Somewhere on the outskirts of Orbit City, a round, blue-and-white industrial building sits atop a reddish pastel base, surrounded by a lush green landscape. Inside, George Jetson leans back in his chair and contemplates his worth to his employer, Spacely Space Sprockets, Inc.
Jetson is a digital index operator. He works in the back office, and his function there is to push buttons — two, to be precise. Spacely Space Sprockets, Inc. is not a financial institution, but it might as well be, for Jetson is doing a low-tech job in what should be a high-tech environment. His employment may be safe for now, but for the company to effectively compete, it will have to significantly up its game.
Am I calling out financial institutions here? You bet. Not all are like that, of course, but from my perch at a startup fintech that focuses on the mechanics of foreign exchange trading, I see numerous banks acting like it is still 1973, when the Society for Worldwide Interbank Financial Telecommunication (SWIFT) was formed.
Many banks do not seem to grasp where their world is going and often say, “My compliance department will not allow me to (fill in the blank).” However, at many of the biggest ones, CEOs acknowledge their banks are really tech companies first and finance companies second. Celent projects the financial services industry will spend nearly $300 billion in 2021 on IT, up from about $260 billion just three years earlier.
Institutions investing in technology often do so like there is no tomorrow, but that has forced a corollary: Banks that fail to embrace technology could find there really is no tomorrow for them.
If It Ain’t Broke, Fix It Anyway
So, why the hesitation? At many financial institutions, compliance runs the show to an outsized degree, and innovation is forced to work around it. Rigidity in the decision-making process is the order of the day, a result of an operational philosophy that lends primacy to internally focused legacy systems. Furthermore, there is a reluctance to invest in new technology that makes old investments obsolete. It’s perceived as throwing away money; this is the sunk cost fallacy at work.
Fintech companies are changing the way the financial services industry runs, though, and that means adaptation is key for incumbent financial companies. Flexibility and innovation are paramount.
Here are three examples where financial institutions frequently come up short:
• In the back office, computers run systems built with an antiquated programming language. Few employees know how to “speak” it; the language is not being taught in school, and most of its purpose now is to maintain existing applications.

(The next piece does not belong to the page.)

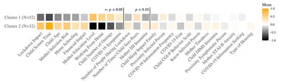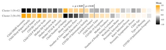 The optimal result of the hierarchical clustering algorithm led to two groups in the Swiss sample, for which the results are visualized in Figure 2. Likewise, the analysis led to a more symptomatic or risk cluster vs. a better-adapted cluster. Though importantly, while the Swiss symptomatic cluster expressed being impacted by the lockdown, in contrast to the French sample clustering analysis, child insomnia was not a significant factor differentiating these clusters. Rather, the clusters crucially differ (in ranked significance order, Cluster 2 positive differences) on the basis of lockdown impact, child screen time, child age, mother infection risk, home-schooling, and financial impact, and (Cluster 2 negative differences) mother education level, working from home, number of child outings, and COVID-19 symptoms. Table S5 in the Supplementary Materials provides the respective means (SD) for each cluster and the two-sample t-test significance levels between clusters. Unlike the French sample, here, the two clusters are significantly different in terms of child age (t(38) = −3.20, p ≤ 0.01), though still not gender (χ2(1) = 4.11 × 10−31, p = 1), and thus age may have played a significant role in determining these clusters, with a magnitude on par with the impact of the Swiss partial lockdown conditions.

• Straight-through processing of transactions should be easy in a digital-first society, yet it remains a pipe dream in financial services.
• Blockchain technology buttresses the efficiency of a financial transaction; it can go through without breaks, reconciliation errors or corrections, because the parties involved are looking at a single source of truth. But at many financial services groups, there remains staunch resistance to switching to blockchain.

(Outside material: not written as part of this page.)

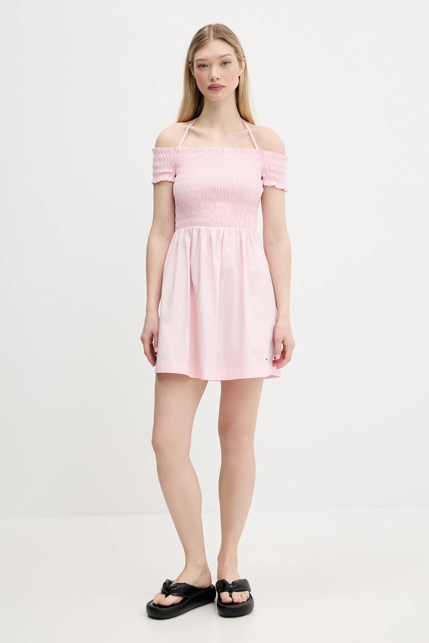 Хлопковое платье Tommy Jeans цвет розовый mini расклешённое DW0DW21786 5350850

On that topic, blockchain technology has an additional benefit: Because it increases the odds that a transaction will be processed seamlessly, it allows banks to cut their human capital costs, which can increase competitiveness.
Spending Money To Make Money
Still, lower expenses are not the only reason financial institutions should invest more in technology. It can also benefit the income side of the ledger. For example, the original bank we used at my company recently lost a revenue opportunity when we went shopping for corporate credit cards. As a new company with no established corporate credit, we were denied despite keeping our assets with the bank.

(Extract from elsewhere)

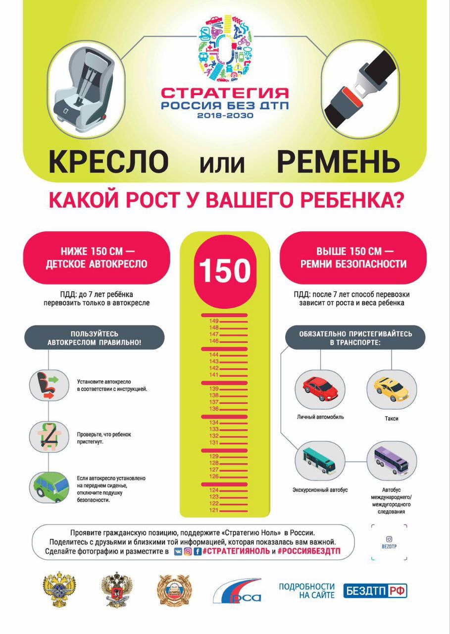 Памятка. Кресло или ремень. Какой рост у ребенка.

We turned to a payments startup that required no personal guarantee; the credit line is simply pegged to our corporation’s bank account. We can have a certain percentage of that account outstanding on our corporate cards. This redefining of how credit cards can work is just one example of how technology is transforming the financial services landscape.
How do banks fight back? It’s not an easy transition, culturally or functionally, but it is possible. An absolute prerequisite: The shift has to start at the top. In the earlier example, Cosmo Spacely has to drive change — if he doesn’t, no one else will. In the real world, JPMorgan Chase and Goldman Sachs would not be the tech companies they are today had Jamie Dimon and Lloyd Blankfein, respectively, not sold stakeholders on tech metamorphosis.
These companies had a key advantage over smaller financial firms looking to go tech: top-notch underlying businesses. It’s hard to invest in technology if you are constantly looking to cut costs to feed dividend hikes and share buybacks. IT spending at financial institutions isn’t always about playing defense, though. It can create new revenue opportunities that make and save money.
For community and smaller big banks, this means investing in fresh customer interfaces. At the biggest institutions, where market share is more or less set, tech can be used to improve relevancy through e-trading platforms. Adopting blockchain in the back office can streamline operations and cut expenses. And at many institutions, AI can be used to improve credit assessment rather than to improve the chatbot experience.
If banks do not evolve, they will be left with “bill pay” as their primary service function. Like Spacely Space Sprockets, Inc., companies of the future will become companies of the past. Just ask George Jetson, if you can find him.